I previously blogged about visualizing part of Adobe's recent security blunder. Here is another attempt at showing the implications of this leak. I randomly extracted about 1500 hashes from the complete data set. I then used the Levenshtein distance between the hashed strings as a dissimilarity measure. I then obtained a coordinatization of all hashes using Kruskal's multidimensional scaling.

The result is a password landscape in which each node represents a single password hash. Nodes are scaled by their frequencies, i.e. how often their corresponding password occurs in the complete data set. Upon hovering over each data point, a tooltip shows you additional information about the hash.

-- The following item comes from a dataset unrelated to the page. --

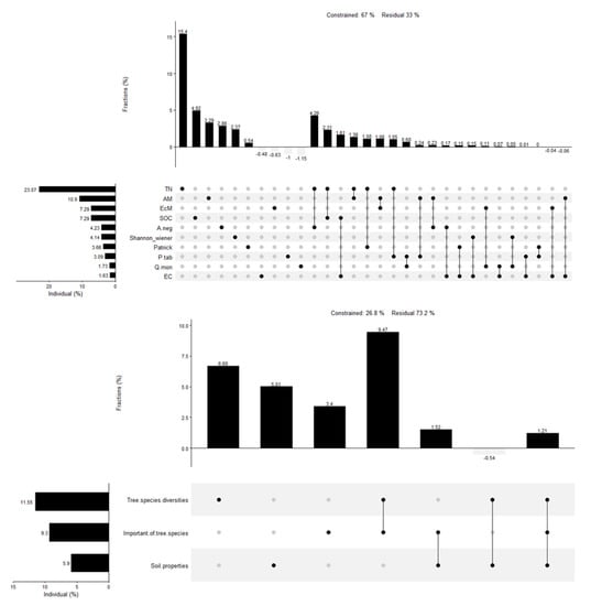 To determine the contribution of the individual groups or individual environmental factors to the variations in the fungi- and bacteria-derived residues, we conducted hierarchical partitioning analysis (Figure 4). The results showed that species diversity, tree species’ importance values and soil properties significantly affected fungi- and bacteria-derived residues (p < 0.05), and three group variables accounted for a total of 26.75% of the variation. Tree species diversity and the importance values of tree species had a high proportion of common effects (9.47%).

This is my first attempt with the awesome D3.js library and the results can arguably be improved very much. For example, the "lumpy" part on the left side of the data set is what I like to call the Island of not-so-smart-passwords. The hashes in this region are all empty–note how often this occurs even though I sampled randomly from the complete data set. This also explains the many overlaps in this area.

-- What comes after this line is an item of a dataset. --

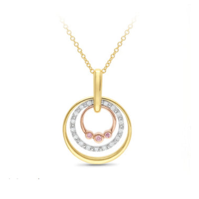 9Ct Yellow, Rose And White Gold Circle Pendant With Pink ...
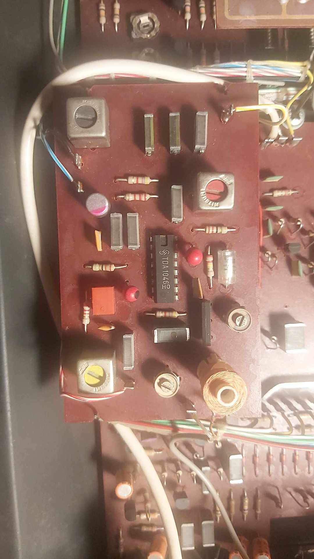 Na tessék, ami késik, az nem múlik, csak nem úsztam meg a TCA750 IC 5-ös lábára az elkót betenni. Ezek az IC stabilizátoros mászkálós hangolófeszültséges rádiók hibái ellen kidolgozott saját találmányom: Az áteresztő tranzisztor bázisa, és ahová az ellenállás osztó visszacsatol, (poti közepe) közé egy akkora feszültségű zéner diódát kell tenni, mint amennyit ott mérsz. A hangolódást egyből megfogja. Viszont az AFC gerjedése ettől még határozottabb lett. Muszáj lett oda tenni azt az elkót, ahová Bekei írta, mert az IC gyári adatlapján is ott van. Csak lusta voltam a panelt kiszedni, most is csak felülről forrasztottam rá az IC - re.

Still, you can get a pretty decent picture of what sorts of passwords are commonly used by people. This data set is simply a treasure trove, showing the dangers of "shared" passwords as well as the amount of data a large company is sitting on.

Some resources:

  • See the source code of this page for the D3.js source. You may use it under the MIT License
  • The file data.csv contains the raw data, along with coordinates for the layout. I have excluded the e-mail addresses (that are present in the original leaked data) for reasons of anonymity.